REVIEWTHEATRE

In This Satire, Old Plagues Are New Again

In The Plague Master General (a bubonic comedy), Blue Hour Theatre Group puts a different spin on a familiar topic. It runs through April 27 at West of Lenin. 

 

It’s a bit funny to think about how a comedy about the plague might’ve played to a pre-global pandemic crowd. Would the distance from our experience heighten the comedy, or would it just seem too unrelatable to our modern age?

Obviously, that’s a purely academic question. Blue Hour Theatre’s new tragicomedy, The Plague Master General (a bubonic comedy), is clearly — at least in large part — a commentary on the COVID-19 response and how to keep on living (and laughing) between moments of horror and absurdity. In a sometimes-jarring blend of slapstick and sorrow, the show’s indefatigable ensemble (six actors, in a multitude of roles) grounds the over-the-top elements with real pathos. 

Back in the mid-1300s (ish), Lord Alfonso Aguiar Lobato de Braga (Jillian Faulk) — Alfie, to his friends — has a brand-new sash, a bunch of shiny medals, and a problem: the young nobleman, with no particular qualifications, has been tasked by his benefactor, the Baron (Jeremy Radick), with curing a plague that’s sweeping through their unnamed medieval town. Alfie, game but clueless, runs up against scientific ignorance, religious restrictions, and the indifference of the moneyed class as he bumbles about in search of a cure. He eventually teams up with Dr. Botter (Annie St John), a doctor whose gender forces her to the edges of society, despite the fact that she seems to be the only person who might be able to help him. But can two people really cure a plague?

There are laughs to be had, for sure, from writer-director Greg LoProto. There’s more than a whiff of British comedy classics like the sketches of Monty Python or Rowan Atkinson’s Blackadder series in this show’s DNA. The cast, in particular the main duo of Faulk and St John, definitely bring the laughs. Faulk brings a quiet, controlled humor to the straight-man Alfie, balancing his cluelessness with a genuine concern for carrying out his impossible task, while St John’s Dr. Botter is an appealing mix of resolve and twinkle-in-her-eye rebelliousness as she bucks against the ignorance of the era. There’s a sort of madcap energy to the two in earlier scenes that the actors seamlessly transition into genuine affection by the play’s end; it’s the heart of the second act, and both actors nail it.

Radick’s Baron is an amusing fop, but he has more room to show off his comedy chops as Alfie’s charming but pragmatic bestie Sir Donald, or as a dying but still cheerful townswoman. Rounding out the cast are Ellen Dessler Smith, whose Teutonic Baroness is the real power behind the throne; Sara Schweid, in a deliciously vicious turn as Father Lacey, who reads like Severus Snape without the warmth; and Brian Brooks as the cheerfully indifferent Irish priest Father O’Frahgle. Apart from Faulk, each actor plays between three and six characters, making the production feel surprisingly expansive. 

West of Lenin’s theatre space (as configured for this production at least) is, essentially, theatre in the rectangle: a long, thin performance space flanked by the audience. This does occasionally make the actors’ blocking challenging, though LoProto’s direction keeps the action kinetic enough to mostly overcome the issue; and lighting design (by Chris Ertel) is effective in helping direct the audience’s attention. 

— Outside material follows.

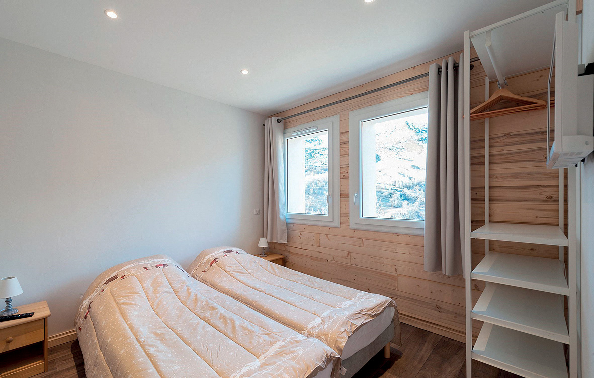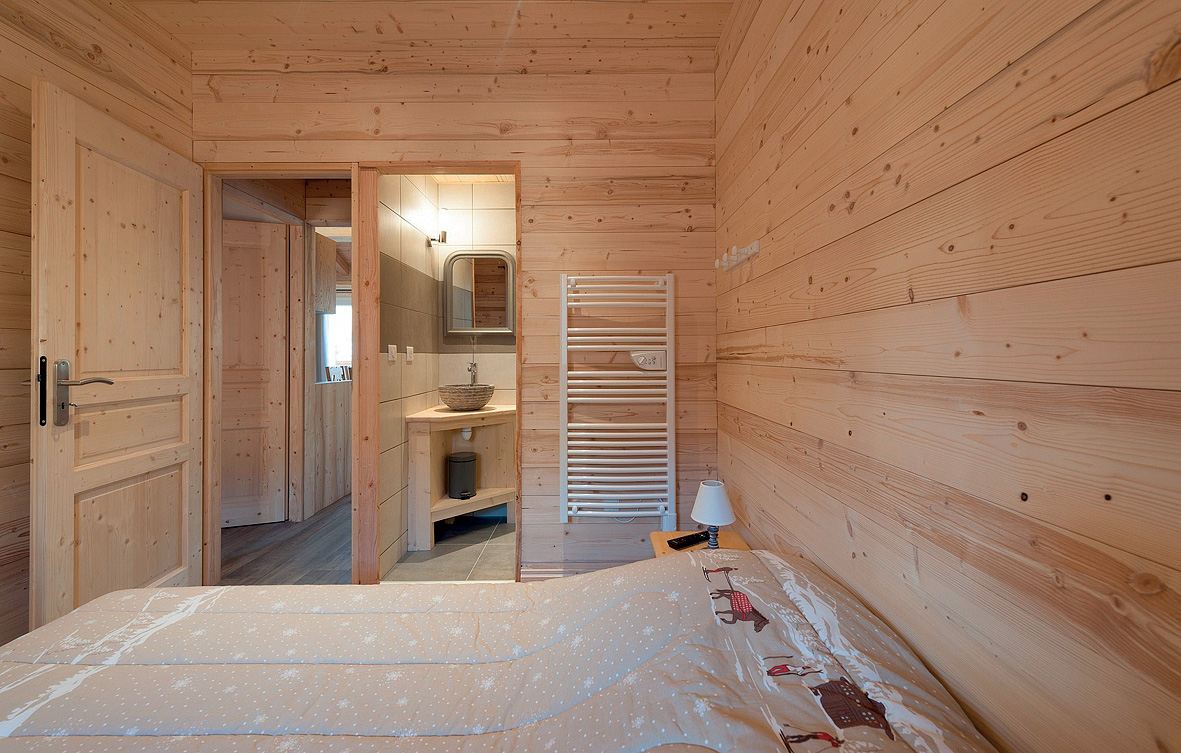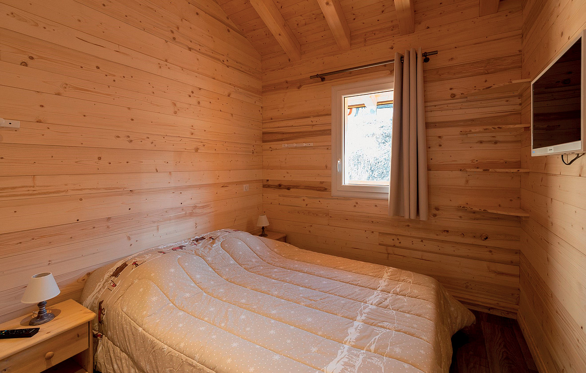 110 m² - 1. podlaží chaletu: 1 ložnice s manželskou postelí, 1 ložnice se 2 samostatnými lůžky, obývací pokoj s kuchyňským koutem, sociální zařízení, terasa; 2. podlaží chaletu: 1 ložnice s manželskou postelí, 1 ložnice se 2 samostatnými lůžky, 2x sociální zařízení (1x bez WC)

While the show’s first act is played more for laughs, the second act takes a darker turn, and your mileage may vary as to whether the play completely makes it through the hairpin turn from broad comedy into tragedy. LoProto himself acknowledges in his director’s note that he “meant to write a comedy, yet here we are,” and the play does end (no spoilers for a 14th-century plague outbreak) on a pretty bleak note. Still, it’s an amusing satire on a horrifyingly relevant historical event, from a cast that’s small but mighty. 


The Plague Master General from Blue Hour Theatre Group runs through 4/27 at West of Lenin in Fremont. Tickets $25 suggested (pay-what-you-choose available for all), hereAccessibility notes: restrooms are gender-neutral, single-stall; theatre and common areas are wheelchair accessible.

Run time: 2 hours 10 minutes with intermission 

Jill Farrington Sweeney is a Texas ex-pat getting to know the Seattle-area arts scene, and is perpetually on the hunt for good Mexican food. Her writing has appeared on TheaterJones, Onstage NTX, and NWTheatre.